ASSIGNMENT: Using the data below, set down every line from the one containing "Ana Sayfa /" through the one containing "Crepe Mini Dress Denim Blue", inclusive and unchanged. Pictures are to be skipped.

LISTED ENTRIES:
[Start of section]

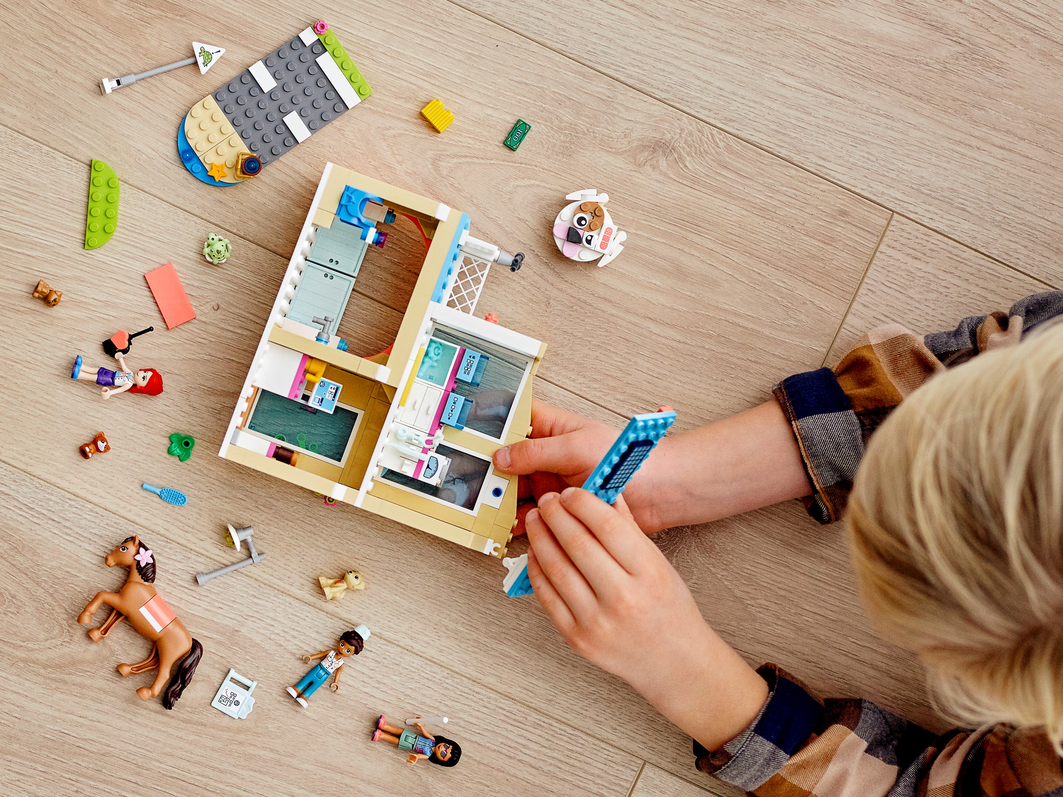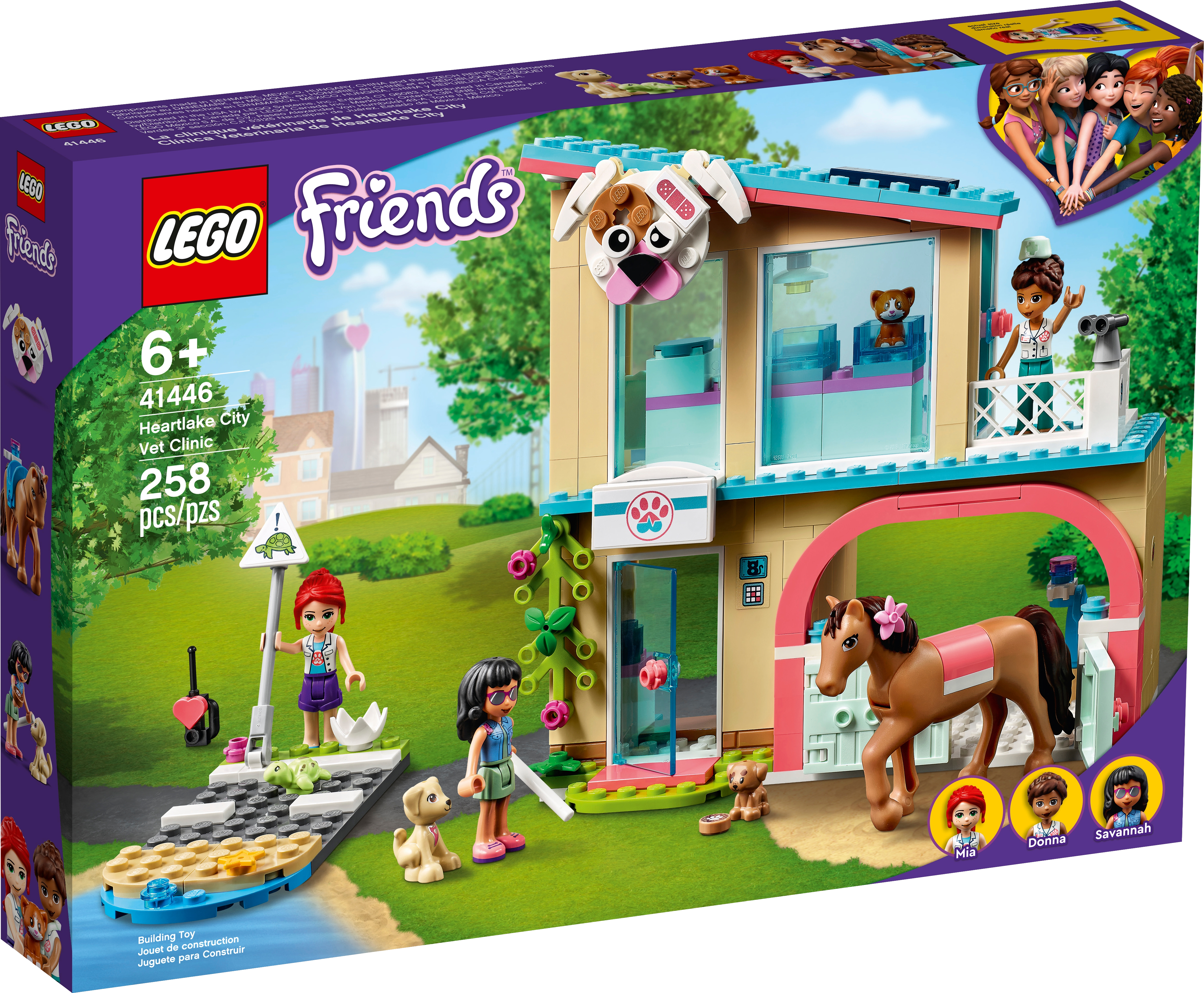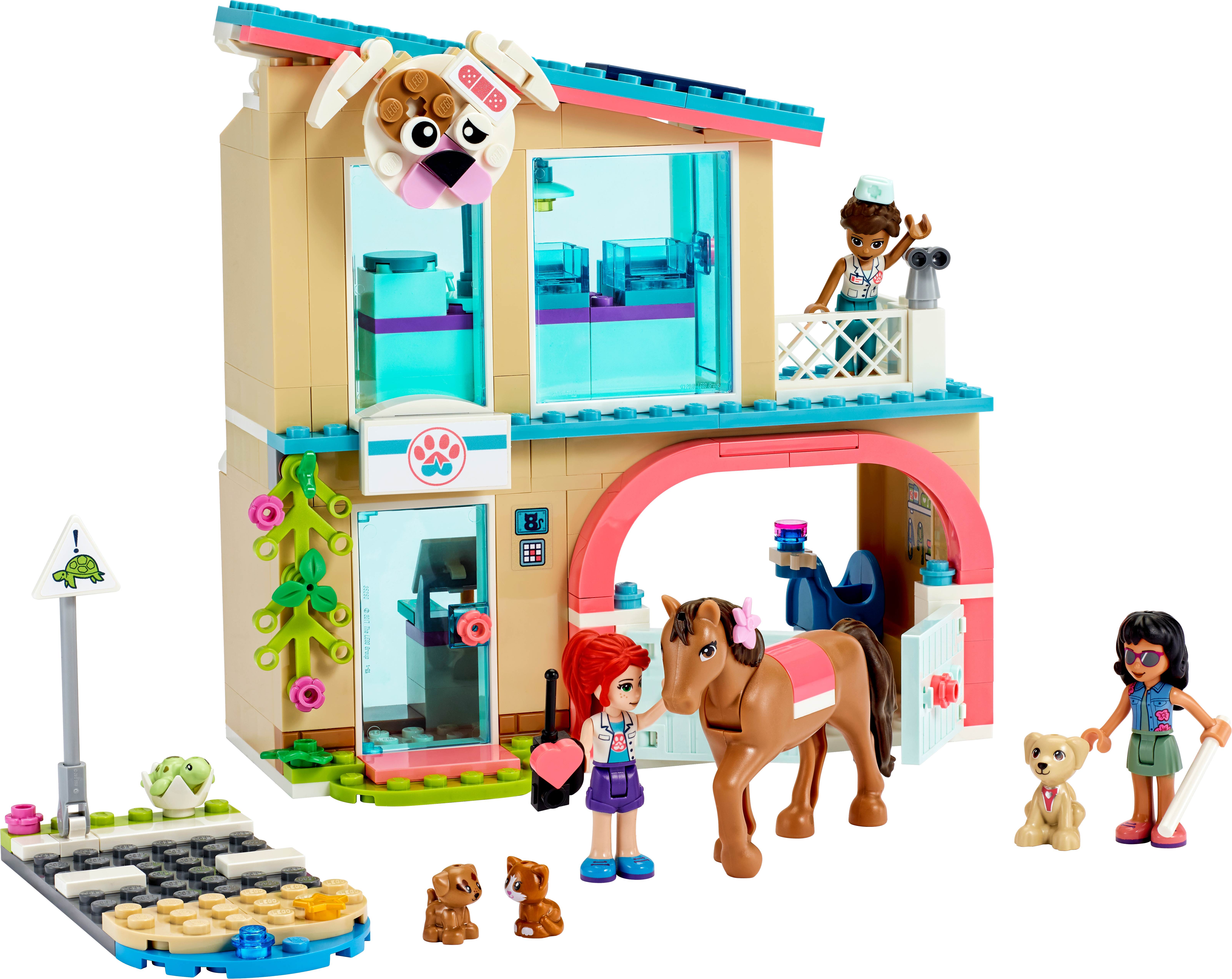 Do you know a kid who loves character role play and caring for animals? The Heartlake City Vet Clinic (41446) is just the creative gift for them! It comes with a total of 8 yes, 8! LEGO Friends characters, including mini-dolls and a range of baby animal toys, so kids can play out any role they want. Packed with features to spark hours of playThe model comprises a reception area, a stable for LEGO Friends Mia's horse, an examination room stocked with children's vet kit and a look-out balcony. The set also comes with a road scene to add an element of rescue drama to the LEGO Friends animal play. Kids can pretend to be Savannah bringing her guide dog in for a check-up, look after the cute baby animals in the clinic or act out an exciting horseback rescue. And as with all the popular Heartlake City toys, boys and girls can explore their passions in the company of their BFFs. Kids can channel their love of creatures into creative play with the Heartlake City Vet Clinic (41446), where they can be the hero of the day, or simply care for animals in need.
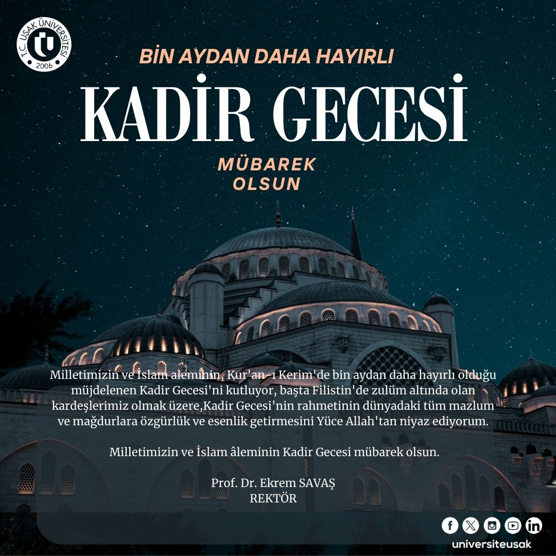 Ana Sayfa / Duyurular / Rektörümüz Prof. Dr. Ekrem SAVAŞ'ın Kadir Gecesi Mesajı
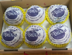 其中表現培育成果極好的黃金梨,事實上是源自韓國。韓國園藝實驗場於1984年育成的新品種,屬砂梨系統,因果皮呈金黃色而得名。 該品種對栽種管理要求較高,必須套袋栽培,被稱之為“貴族”高檔梨,也被認為是最優良梨品種之一。 黃金梨果皮呈透明狀黃金色,果面潔淨,果點小而均勻,外觀華麗。 果實最重可達800克以上;果核特別小,乳白色果肉,肉質細脆,多汁,香甜,完熟後含糖量可達14.7度。 果味清香,口感極佳,冷藏後食用,風味更佳,品質極上等。 |
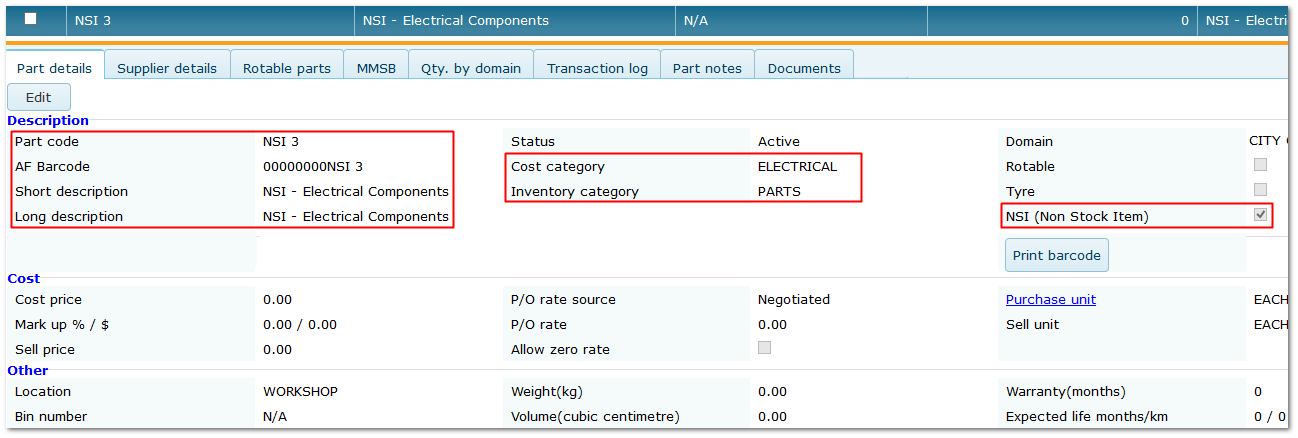 •NSI can be located in the parts list using the NSI filter on the Inventory menu.
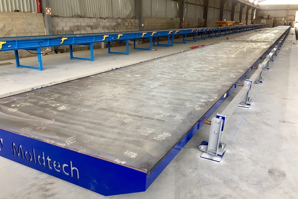 Comme dans toutes les tables fixes fournies par Moldtech, la tôle en contact avec le béton auto plaçant a été polie, ce qui garantit une finition parfaite de la face exposée du béton préfabriqué.
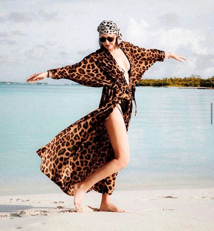 Ксения Анатольевна нам напоминает, что леопардовый принт никогда не выйдет из моды. И я с ней согласна! Кроме того, анималистичные рисунки смотрятся особенно эффектно на пляже. Собчак сочетала «хищную» накидку с пятнистым платком, который она повязала на голову, как тюрбан. Кстати, леопардовый кафтан у Ксении от московского бренда Leur. Цена накидки — 29 000 рублей. Как-то даже скромно Для Собчак, у которой только брюки могут стоить полмиллиона.
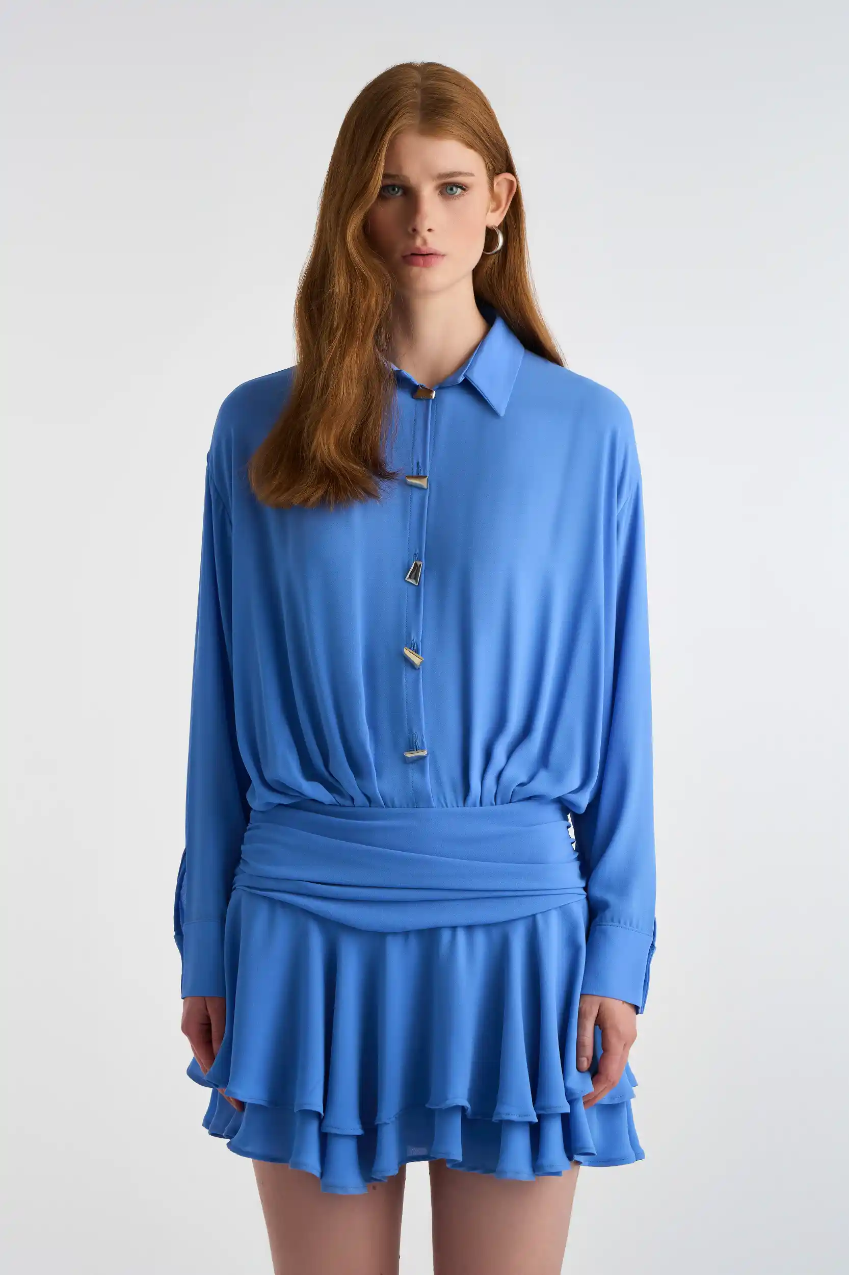 Crepe Mini Dress Denim Blue
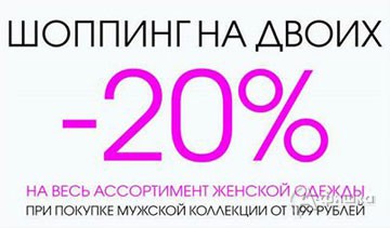 С 5 по 18 мая 2014 г. в магазинах одежды «Incity» проходит акция «Шоппинг на двоих» – при покупке мужской коллекции на сумму от 1199 руб., предоставляется скидка 20% на весь ассортимент женской одежды!
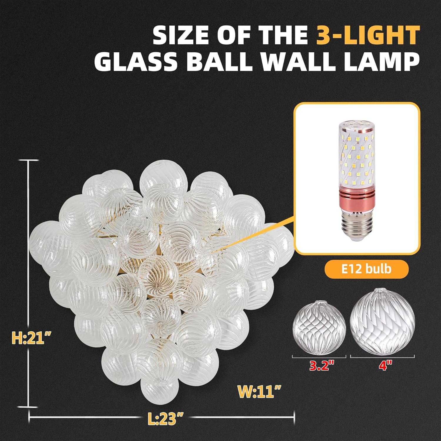Gold Bubble Wall Sconce Light, Swirled Glass Globes Wall Lamps, Sparkling Ribbed Glass Balls Wall Porch Lights, Wall Mounted Bathroom Vanity Light Fixture for Bedroom Bedside Stairway 23″ W
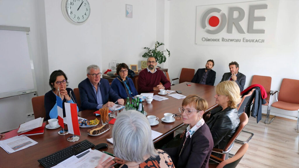 21 października Ośrodek Rozwoju Edukacji gościł przedstawicieli francuskiego systemu edukacji. Wizyta została zorganizowana dzięki współpracy z Instytutem Francuskim i Ambasadą Francji, reprezentowaną przez Philippe’a Morisseta (attaché ds. współpracy edukacyjnej) i Benjamina Girodeau (attaché ds. współpracy językowej).
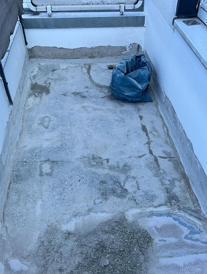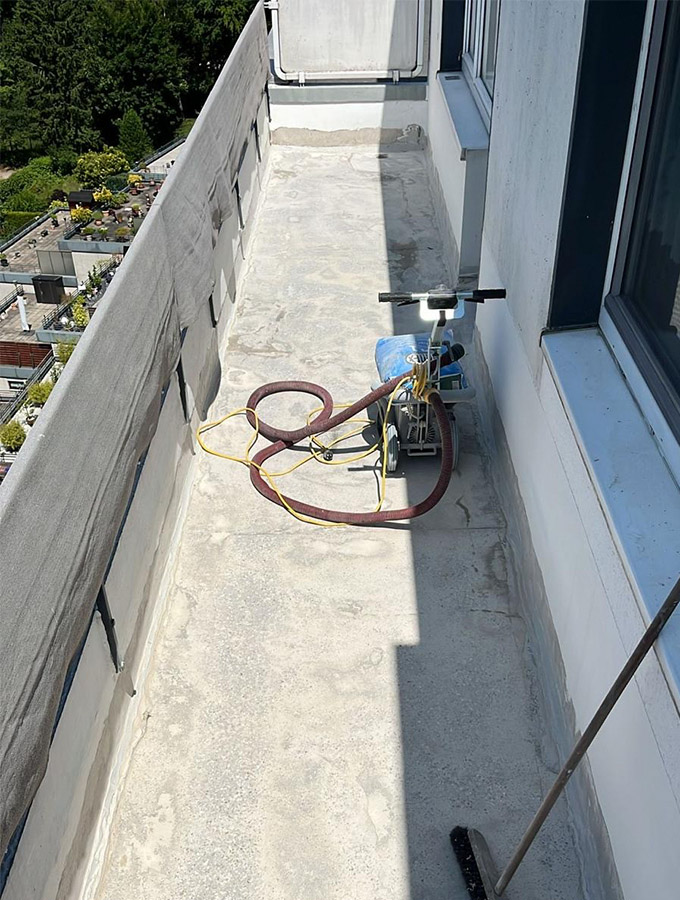 Nachfolgend finden Sie vier Fotos mit den einzelnen Verarbeitungsschritten von einer Balkonsanierung mit Enke-Produkten in Wuppertal.
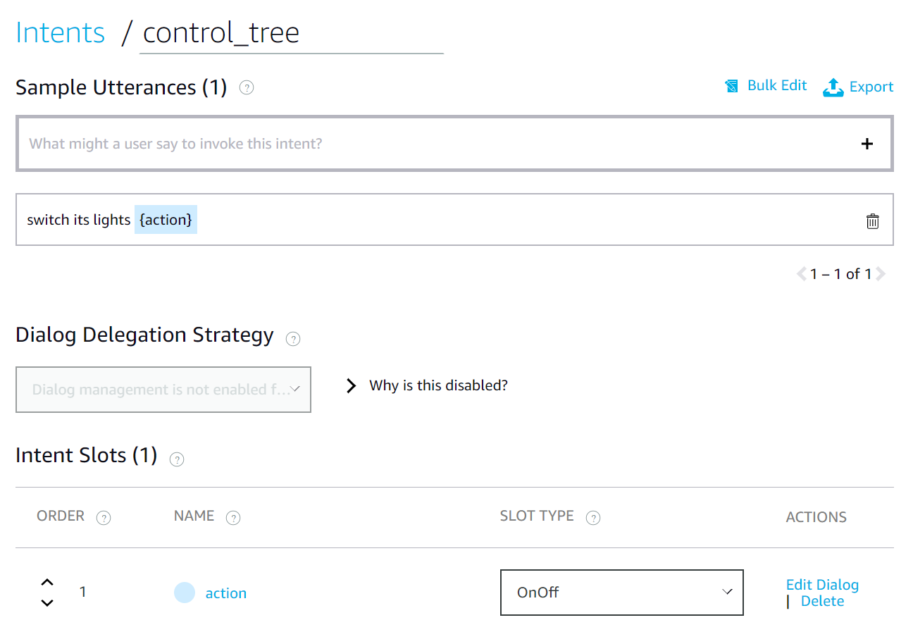 Next, add an Intent (call it something like “control_tree”), and add a Sample Utterance of “switch its lights {action}”. Create a new Slot Type called something like “OnOff”, give it two possible values (“on” and “off”) and then set the type of the “{action}” slot to OnOff. Now Alexa will understand full commands like “Alexa, ask the Christmas tree to turn its lights on”. She’ll even be clever enough to spot that the value of the action slot is “on”.

[End of section]

EXERCISE OUTPUT:
 Ana Sayfa / Duyurular / Rektörümüz Prof. Dr. Ekrem SAVAŞ'ın Kadir Gecesi Mesajı
 其中表現培育成果極好的黃金梨,事實上是源自韓國。韓國園藝實驗場於1984年育成的新品種,屬砂梨系統,因果皮呈金黃色而得名。 該品種對栽種管理要求較高,必須套袋栽培,被稱之為“貴族”高檔梨,也被認為是最優良梨品種之一。 黃金梨果皮呈透明狀黃金色,果面潔淨,果點小而均勻,外觀華麗。 果實最重可達800克以上;果核特別小,乳白色果肉,肉質細脆,多汁,香甜,完熟後含糖量可達14.7度。 果味清香,口感極佳,冷藏後食用,風味更佳,品質極上等。 |
 •NSI can be located in the parts list using the NSI filter on the Inventory menu.
 Comme dans toutes les tables fixes fournies par Moldtech, la tôle en contact avec le béton auto plaçant a été polie, ce qui garantit une finition parfaite de la face exposée du béton préfabriqué.
 Ксения Анатольевна нам напоминает, что леопардовый принт никогда не выйдет из моды. И я с ней согласна! Кроме того, анималистичные рисунки смотрятся особенно эффектно на пляже. Собчак сочетала «хищную» накидку с пятнистым платком, который она повязала на голову, как тюрбан. Кстати, леопардовый кафтан у Ксении от московского бренда Leur. Цена накидки — 29 000 рублей. Как-то даже скромно Для Собчак, у которой только брюки могут стоить полмиллиона.
 Crepe Mini Dress Denim Blue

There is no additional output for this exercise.